The way we live, work, and use our homes has changed considerably. Today we are spending more time indoors and as a result space is becoming premium. The dining room table is especially taking a hit – not just being used to eat but is also doubling up as a school desk and makeshift home office too.
Combining open plan living with the work-from-home lifestyle is proving quite a challenge, with many of us now longing for clearly divided spaces that allow for privacy and flexibility.
There are three main questions you should be asking yourself when deciding whether an open or closed kitchen is right for you, your home, and your lifestyle:
What kind of host are you?
The kitchen has always been a place where people come together so a good starting point is to think of how your kitchen will work during family dinner times, or a social event like a party or casual weekend braai.
Spend time thinking about how you as the cook and host would like to connect to your guests and other people in your home.
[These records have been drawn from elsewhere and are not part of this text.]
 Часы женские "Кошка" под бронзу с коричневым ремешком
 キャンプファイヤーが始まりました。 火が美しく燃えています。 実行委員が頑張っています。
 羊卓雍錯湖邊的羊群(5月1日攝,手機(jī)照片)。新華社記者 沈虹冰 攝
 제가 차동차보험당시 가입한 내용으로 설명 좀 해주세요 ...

If you want to keep the conversation flowing outside of the living or garden area and enjoy turning a task into a social event, then an open-plan layout will work best. Remember though, that with the good comes the not so good – while an open plan layout will allow others to join in and help you prepare, it also means they will be observing everything you do, even when things go wrong.
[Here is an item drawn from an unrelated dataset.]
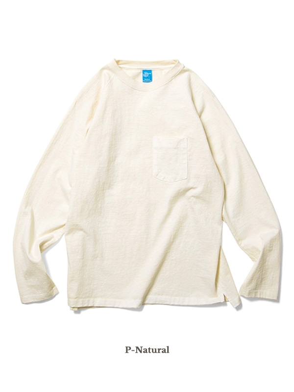 Good On HEAVY RAGLAN LS POCKET TEE グッドオン ヘビー ラグラン ロングスリーブ ポケットTシャツ 【Good On (グッドオン)】 ベーシックでシンプルだからこそ違いのわかる質と着心地。味のある色と安心の耐久性で経年変化を楽しめる特別な一枚。 肌に優しく強い高品質のアメリカ綿を使用し身体に馴染むパターン、長く着る為の強度有る縫製、後染めでの縮率を考慮し一番良い型になる様計算されたサイズスペック。 全てにおいてこだわった古き良きアメリカの名品を今に落とし込み、あの時代の「味」を復活させたGood On. グッドオンの中で最もリピート購入率の高い人気商品「S/S HEAVY RAGLAN POCKET TEE」を長袖にアレンジしました。 着応えのあるヘビーオンスの生地を使用したポケット付きラグランTシャツ。 一度着ると病み付きになる着心地の良さとシンプルかつ無骨な表情が特徴です。 発色が良く上品な仕上がりのReactive Dye(反応染め)カラーは、素材本来の柔らかく ナチュラルな風合い感を楽しむことができ、シンプルな見た目と着回しやすさが特徴。 厚手の生地特有の凹凸に色の濃淡が際立つPigment Dye(顔料染め)カラーは、 他にはない味のある表情が特徴で、洗濯の度に表面から徐々に色褪せしさらに風合いを増していくので、 長く愛用するほどに上質なビンテージ品のように印象が変わっていきます。 丈夫で長年着続けられるTシャツだけに、愛着を持って自分でビンテージの表情に育て上げていくのが醍醐味となります。 まるで薄手のスウェットのように存在感のあるTシャツ生地は、肌に触れて心地良い適度な厚みで、 良質なアメリカ綿の着心地を存分に味わうことができます。 重厚な生地を支える強固な縫製、厚みやゴワつきが気にならず動きやすいラグランスリーブ、 裾のサイドベンツとロングテールはデザインのワンポイントにもなっています。 後ろの裾が長くなっていて、両サイドにはカッティングを入れているので、 着用した際に裾が邪魔にならず、全体がもたつきません。 製品染め後に、洗濯、乾燥済みのため、最も縮んでいる状態です。 着用していくうちに詰まっている編み目が緩み、身体に馴染んでいきます。 ※製品染め商品の特性上、一点一点染め上がりのお色やサイズに若干の誤差がございますので予めご了承ください。 また、独特のユーズド感のある表情、多少のゆがみや擦れ、縫い目部分のしわ、 編み地の筋やムラなどは製品の特徴です。素材の持つ不均一感やラフ感をお楽しみください。 ※顔料染めを用いた製品には袖や身頃の脇などに白線状の色落ちが見られますが、 生産過程において必ず生じるものとなっており製品不良等ではありません。 ※ 製品染め商品のカラー名について P- = Pigment Dye(顔料染め) P-なし = Reactive Dye(反応染め)他 | ||||||||||||||||||||

If a closed kitchen appeals to you more, then do bear in mind that even though you’ll be isolated from your family and guests, they will still feel obligated to assist you. This means that your guests (or children) are likely to inevitably land up in the kitchen anyway.
How do you feel about clutter?
A functional kitchen is one where there is plenty of storage and place, or space is clearly identified for everything, including appliances and cleaning products. I always think a broom cupboard should be a non-negotiable in any kitchen, as it allows you to tidy up quickly and keeps those pesky items hidden when not in use.
Your view and relationship with mess will be a good indication of what type of kitchen layout is right for you, as this will naturally always be visible to others in an open plan kitchen. Think about your everyday routine here. If you will be using the same space to work from home then consider what may or not be visible during a Zoom call.
If the thought of having dirty pots and pans on display is off-putting, then consider cordoning off some space from the main area for a scullery. Not only will this give you more storage, but you can also stash unwanted and unsightly things away from prying eyes.
If you really want clearly demarcated spaces, then separating the living and cooking area will improve your layout and flow. This option will also give you more wall space to work with, which in turn gives more functional opportunities and more cupboards for storage.
What does the rest of the house look like?
Kitchens are forming part of people’s lifestyles and becoming a place of expression, so it is important that the space reflects not just how you want it to function but also your personal aesthetic. Closing off the kitchen can take away valuable and sometimes unnecessary space, but separating it from the rest of the house can make it difficult to keep the interior décor theme flowing.
Even in an open play kitchen area, the kitchen should not only look good but also integrate well with the surrounding living space. Don’t be afraid to add texture in the form of wallpaper and colour if this is occurring in the living and dining area.
I absolutely love bringing life and joy to a kitchen by adding coloured cabinetry and then complementing this with stunning tiles, soft lighting and some intricate stonework around the sink and stove. Soft closing drawers are another non-negotiable for me, as it means cabinet doors close softly and automatically, causing less disturbance to those in other parts of the home.
Working out whether to open your kitchen to the rest of the house is a personal one, but extending your space and enhancing the layout of your home shouldn’t come at the expense of your lifestyle and everyday routine.